[[ GIVEN DATA open ]]

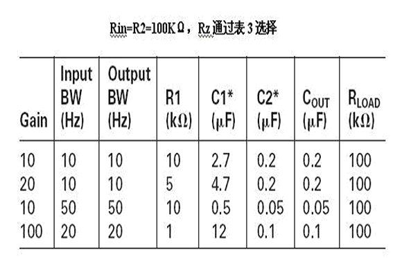 設(shè)計單電源運(yùn)算放大器電路,需要考慮輸入偏置電流誤差、電源抑制、增益、以及輸入與輸出線路帶寬等等。然而普通的應(yīng)用設(shè)計是可以通過查表來獲得,見表1。在單電源電壓為15V或12V時偏置分壓的兩個電阻通常選用100kΩ,這樣可以在電源消耗與輸入偏置電流誤差之間合理的折中。5V單電源偏置分壓電阻減小到一個比較低的值,例如42kΩ。還有些在3.3V應(yīng)用中偏置分壓電阻選在27kΩ左右。
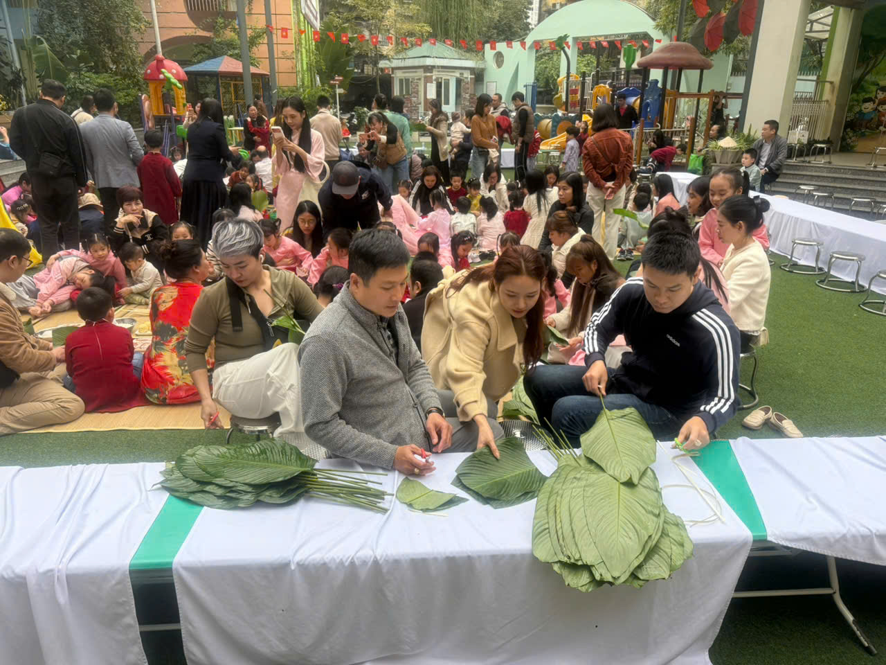 Ngay từ sáng sớm, sân trường đã ngập tràn sắc xuân với lá dong xanh mướt, nếp trắng tinh, đỗ vàng ươm và những dải lạt mềm được chuẩn bị sẵn sàng. Trong tiếng cười nói rộn ràng, các bé lớp A1 háo hức khoác lên mình những chiếc tạp dề nhỏ xinh, chăm chú lắng nghe cô giáo hướng dẫn từng bước gói bánh.
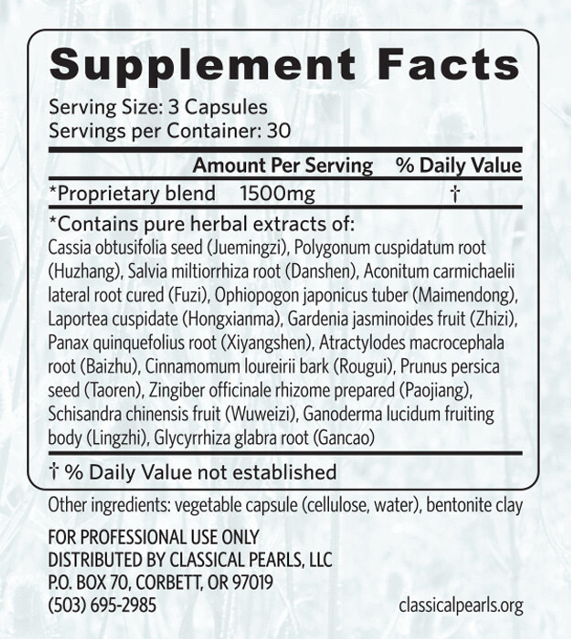 Cassia obtusifolia seed (Juemingzi), Polygonum cuspidatum root (Huzhang), Salvia miltiorrhiza root (Danshen), Aconitum carmichaelii lateral root cured (Fuzi), Ophiopogon japonicus tuber (Maimendong), Laportea cuspidate (Hongxianma), Gardenia jasminoides fruit (Zhizi), Panax quinquefolius root (Xiyangshen), Atractylodes macrocephala root (Baizhu), Cinnamomum loureirii bark (Rougui), Prunus persica seed (Taoren), Zingiber officinale rhizome prepared (Paojiang), Schisandra chinensis fruit (Wuweizi), Ganoderma lucidum fruiting body (Lingzhi), Glycyrrhiza glabra root (Gancao)

[[ GIVEN DATA closed ]]

* **THE PROBLEM**: Every line above must be printed again exactly, pictures excluded.

* **EXPECTED ANSWER**:
 設(shè)計單電源運(yùn)算放大器電路,需要考慮輸入偏置電流誤差、電源抑制、增益、以及輸入與輸出線路帶寬等等。然而普通的應(yīng)用設(shè)計是可以通過查表來獲得,見表1。在單電源電壓為15V或12V時偏置分壓的兩個電阻通常選用100kΩ,這樣可以在電源消耗與輸入偏置電流誤差之間合理的折中。5V單電源偏置分壓電阻減小到一個比較低的值,例如42kΩ。還有些在3.3V應(yīng)用中偏置分壓電阻選在27kΩ左右。
 Ngay từ sáng sớm, sân trường đã ngập tràn sắc xuân với lá dong xanh mướt, nếp trắng tinh, đỗ vàng ươm và những dải lạt mềm được chuẩn bị sẵn sàng. Trong tiếng cười nói rộn ràng, các bé lớp A1 háo hức khoác lên mình những chiếc tạp dề nhỏ xinh, chăm chú lắng nghe cô giáo hướng dẫn từng bước gói bánh.
 Cassia obtusifolia seed (Juemingzi), Polygonum cuspidatum root (Huzhang), Salvia miltiorrhiza root (Danshen), Aconitum carmichaelii lateral root cured (Fuzi), Ophiopogon japonicus tuber (Maimendong), Laportea cuspidate (Hongxianma), Gardenia jasminoides fruit (Zhizi), Panax quinquefolius root (Xiyangshen), Atractylodes macrocephala root (Baizhu), Cinnamomum loureirii bark (Rougui), Prunus persica seed (Taoren), Zingiber officinale rhizome prepared (Paojiang), Schisandra chinensis fruit (Wuweizi), Ganoderma lucidum fruiting body (Lingzhi), Glycyrrhiza glabra root (Gancao)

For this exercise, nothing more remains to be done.